Lelaki berpenampilan kalem ini menjelaskan, cikahuripan berarti air kehidupan, dan mastaka berarti hulu. Kurang lebih berarti: air kehidupan dari hulu Citarum.“Tapi kata ‘hulu’ dalam bahasa Sunda agak kasar, yang halus, ya, mastaka,” ungkapnya. Makna mastaka sejajar dengan kata mustaka dalam bahasa Jawa. Mustaka berarti kepala, yang dalam masyarakat Jawa, kata ini berada pada tataran tertinggi berbahasa.

Inilah mata air yang sakral dan menjadi saksi doa-doa pengharapan yang dipanjatkan para peziarahnya. Tak mengejutkan, suasana adikodrati melingkupi Pangsiraman. Sumber air ini hanya salah satu dari tujuh sumber air awal mula Sungai Citarum, yang ditampung di Situ Cisanti. Berada di kaki Gunung Wayang, danau buatan seluas 10 hektare itu menjadi simbol hulu Citarum. Dari sinilah, awal-mula Sungai Citarum mengalir sejauh 297 kilometer, merambati 13 kabupaten, lantas tumpah di Muara Gembong.

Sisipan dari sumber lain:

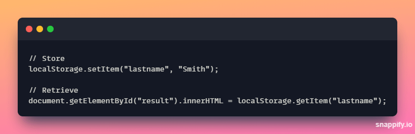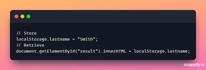 β’ Create a localStorage name/value pair with name="lastname" and value="Smith" .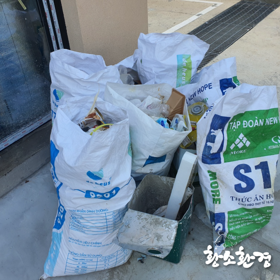 그 위에 있는 마대 자루를 옮겨 정리해 주었습니다.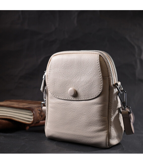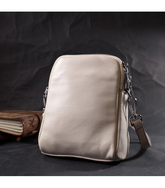 Цікава сумка трапецієподібної форми для стильних та незалежних жінок. Виріб пошитий з якісної натуральної м'якої шкіри, яка довго носиться і не втрачає свого первісного вигляду. На лицьовій стороні розташована накладна кишеня, що закривається клапаном на магніт. Аксесуар складається з двох відділень, що закриваються на блискавки, всередині яких знаходиться потайна кишеня на блискавці та кишеня відкритого типу. Носити сумку можна на плечі і через плече, для цього є шкіряний ремінь, що знімається. У виробі використано якісну фурнітуру срібного кольору. Універсальний варіант сумки як на вечір так і як сумочка на кожен день.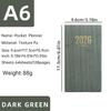 2026 A6 Kožený týdenní plánovač: Přeshraniční přenosný anglický diář a roční kalendářový zápisník
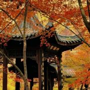 寺内古建筑群:红墙青瓦与银杏、枫叶交织,古刹秋色极具禅意257。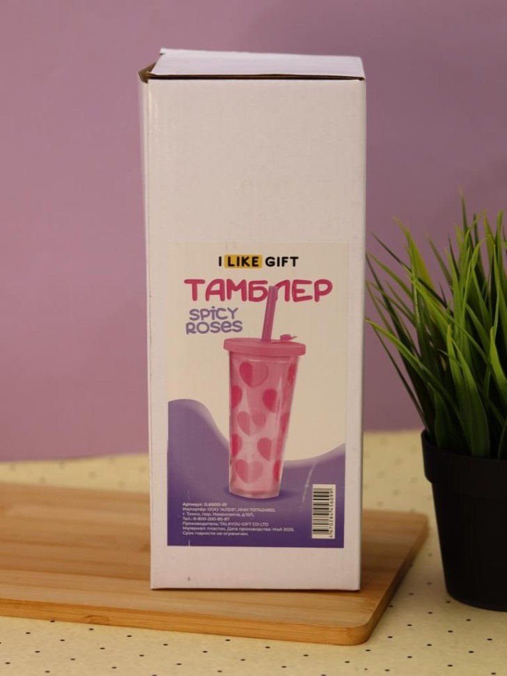 Тамблер iLikeGift "Double heart", pink (650 мл)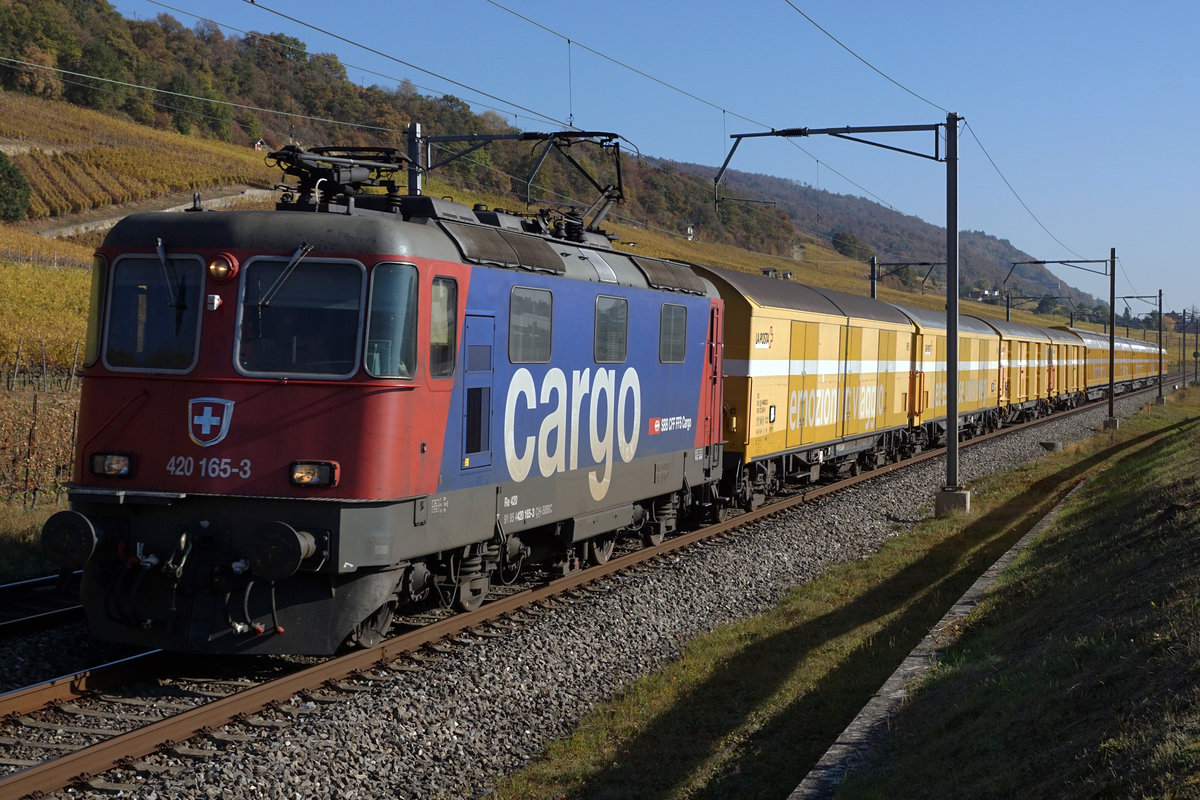 Re 420 165-3 mit einem Postzug bei Cressier am 22. Oktober 2018.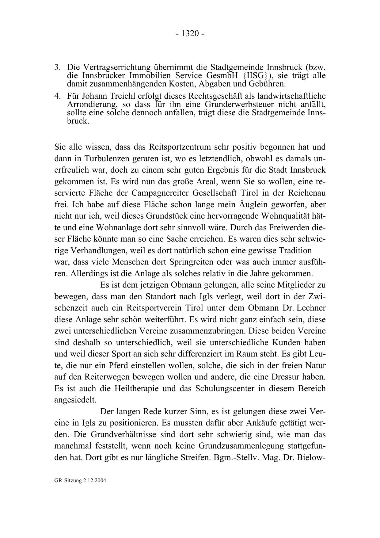 bewegen, dass man den Standort nach Igls verlegt, weil dort in der Zwischenzeit auch ein Reitsportverein Tirol unter dem Obmann Dr. Lechner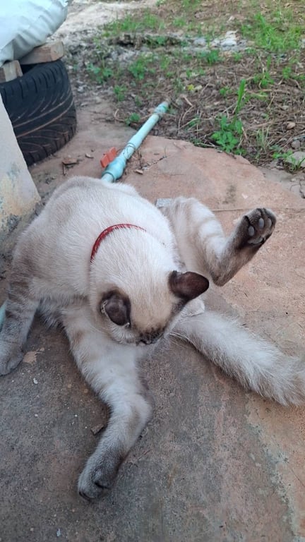 รอยตำหนิ: ตาสีฟ้า ปลอกคอสีแดง มีจุดดำคล้ายวิเชียร์มาศ บริเวณหู เท้า หางเป็นแมวรักสันโดษ แต่จะไม่ค่อยกลัวคนถ้าไม่ทำเสียงดัง เพราะถ้าเสียงดังเขาจะวิ่งและขี้ตกใจมาก ชอบอ้อนถูขา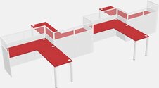 Postes De Travail En L Prism Red Pour 4 Personnes - Formation En Zigzag + Retour De Panneau
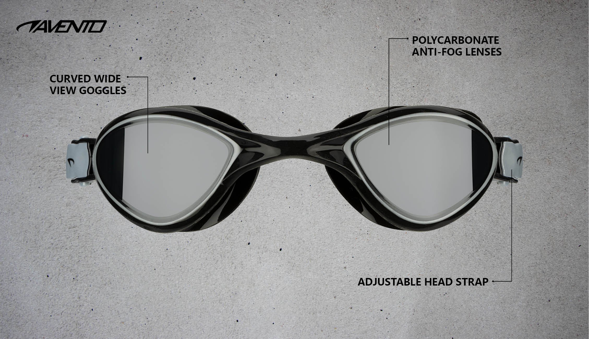 The wide curved lenses of the Avento Flex chlorine goggles provide an unparalleled improvement in front and side vision. Equipped with UV-protection and anti-fog lenses that prevent moisture on the lenses and ensure longer ‘fog-free’ swimming.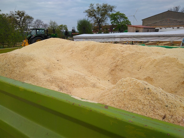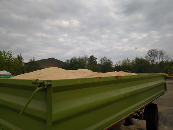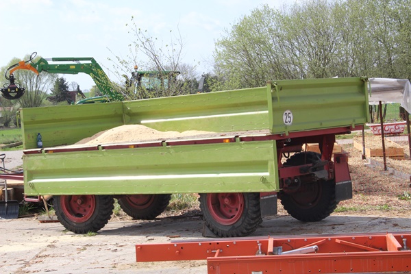 Attached to the sawmill was a big bucket for collecting the sawdust. This bucket was emptied in the trailer. At the end we filled 3 trailers with sawdust, but underneath the sawmill still was enough left behind.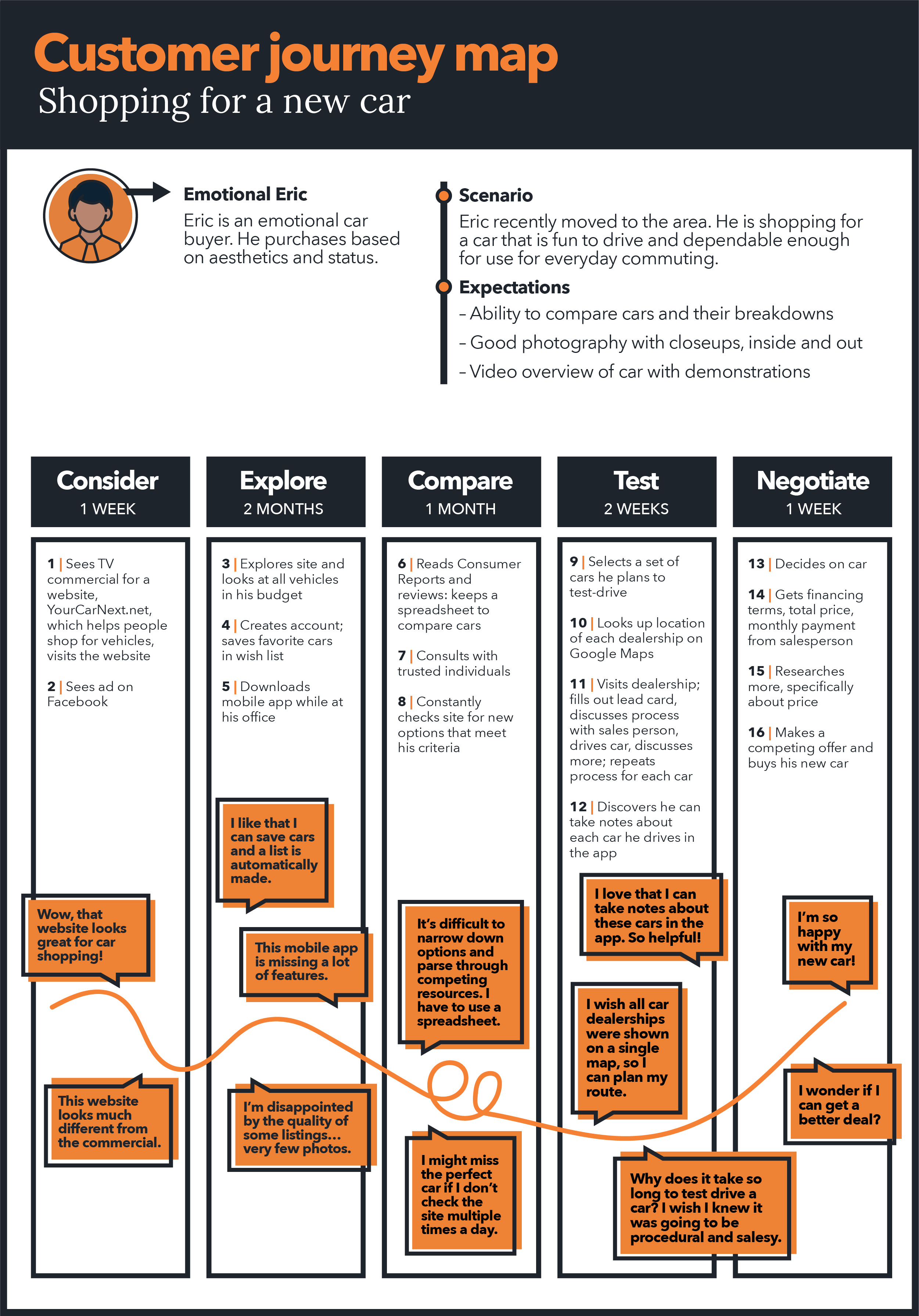 The decision making process is often called a customer journey. We do know that prospects go through a ‘process’ before buying. Understanding that the customer journey is not a linear...step by step process is very important. Prospects can engage with your content in any stage of their journey and in many different channels where they might find your information. It’s important to understand your customer journey but realize that prospects may take many more steps or they may skip steps. For example, the graphic below shows a journey to buying a car. You can see that it’s a pretty involved process but not everyone buys a car this way. In fact, my boss just bought a car. He decided one day that he wanted to buy a car and trade in his truck. He made a phone call, took his truck to the dealership and walked out with a car. He skipped most of the steps in the example below.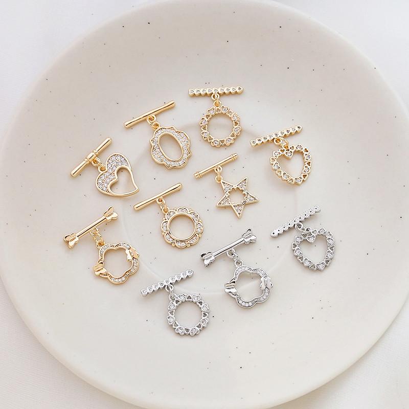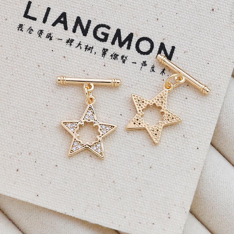 Oro cobre incrustado con circonio retenedor de color amor estrella de cinco puntas hebilla de conexión OT DIY joyería hecha a mano pulsera collar pendientes accesorios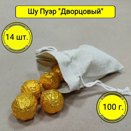 Премиальный Китайский Чай Шу Пуэр "Дворцовый". Чай черный листовой скрученный вручную в мешочке, 100 г. Подарочный набор конфеток Шу пуер в подарок на 23 февраля / 8 марта коллеге, мужчине, женщине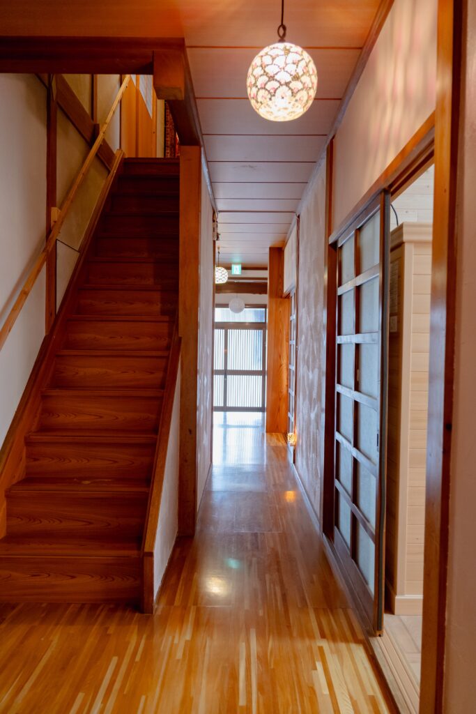 各部屋の内装は漆喰壁の和風な仕上がりに。また広々した浴室、リビング、キッチンを設備。大人数でも窮屈感を感じさせない空間。外にはBBQをできるスペースがあり、貸し出しもあります。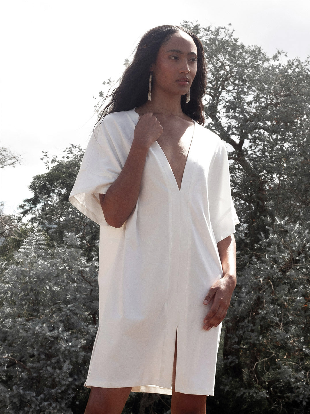 Blusón sin género en tejido de punto, confeccionado en hilo 100 % algodón. Diseñado con escote en V, mangas rodadas, aberturas en costados y delantero, y perilla delantera y posterior.
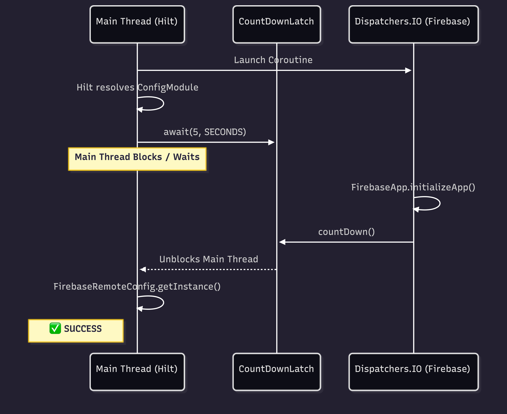 Crucially: Add a timeout. Never block the main thread indefinitely. If Firebase fails to initialize within 5 seconds, it is better to crash cleanly or provide a fallback than to trigger a guaranteed ANR. Firebase's own Utils.awaitEvenIfOnMainThread()caused 100% reproducible ANRs by doing exactly this β blocking without a reasonable timeout.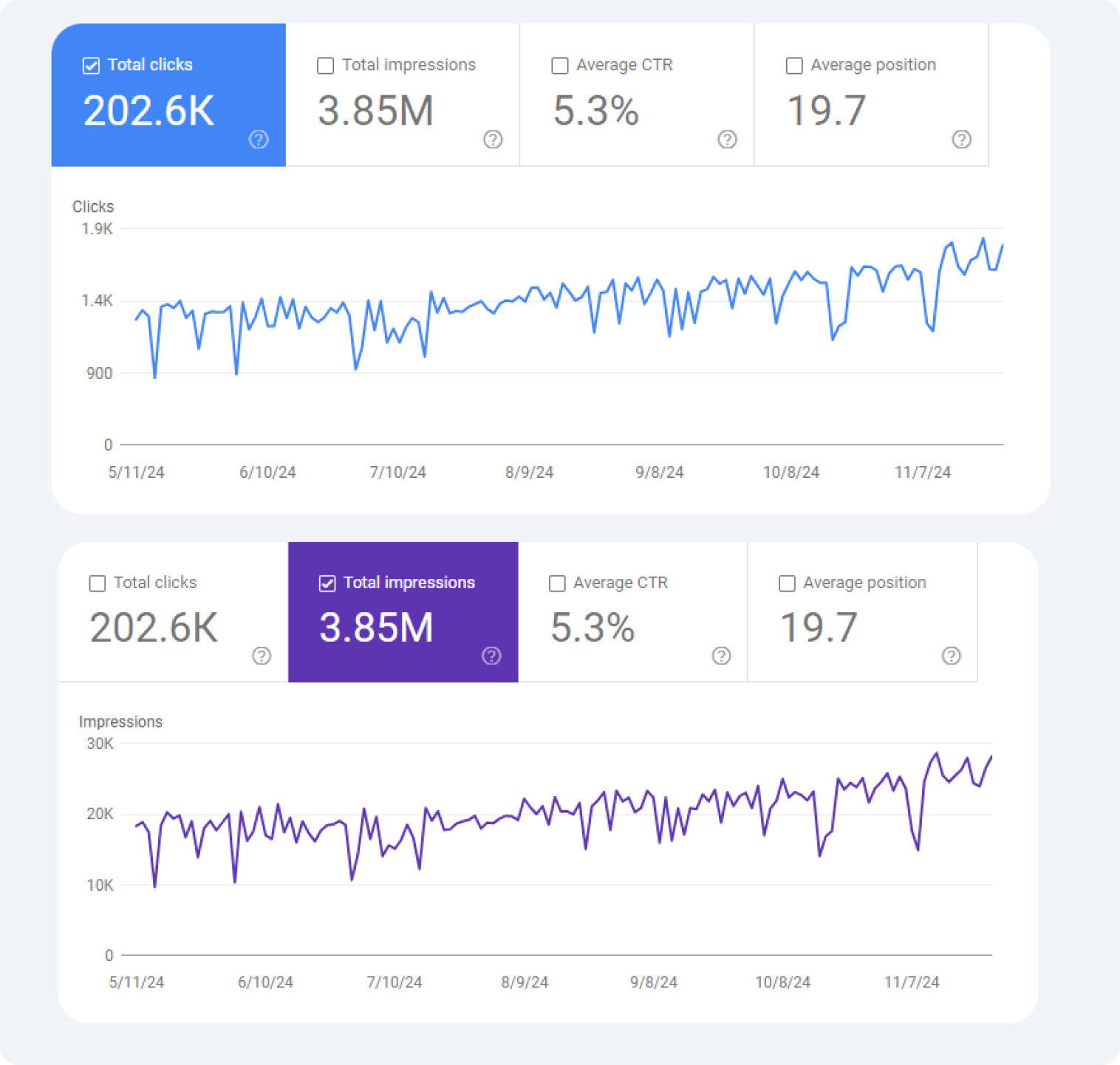 Після двох років роботи нашій команді вдалося не лише виправити ситуацію з неякісним посилальним профілем, але й підвищити метрики сайту. Так, ми можемо погодитися, що результат у вигляді зростання органічного трафіку був досягнутий не лише завдяки посиланням, а й завдяки комплексним SEO-роботам, які виконував замовник. Однак не варто забувати, що правильний посилальний профіль забезпечує 50% успіху. Виділимо основні зміни сайту в період нашої співпраці:

Sayangnya, kontras telah membayang di Cisanti: air Pangsiraman yang bening tak lagi berjejak setelah bercampur dengan air keruh Cisanti. Padahal, tutur Mang Atep, “Doa para leluhur saya, sepanjang alirannya, air Citarum bisa diminum langsung seperti di mata air ini.”

Doa leluhur itu bagaikan membaca tengara zaman: seiring waktu Sungai Citarum tak lagi membawa berkah, tak lagi semurni Pangsiraman. Perbawa Citarum runtuh.

Dan di tujuh kawasan konservasi di hulu DAS Citarum, doa itu seakan bersambut upaya. Ada doa, ada upaya:Pengelolaan DAS Citarum dan Konservasi Keanekaragaman Hayati atau Citarum Watershed Management and Biodiversity Conservation (CWMBC).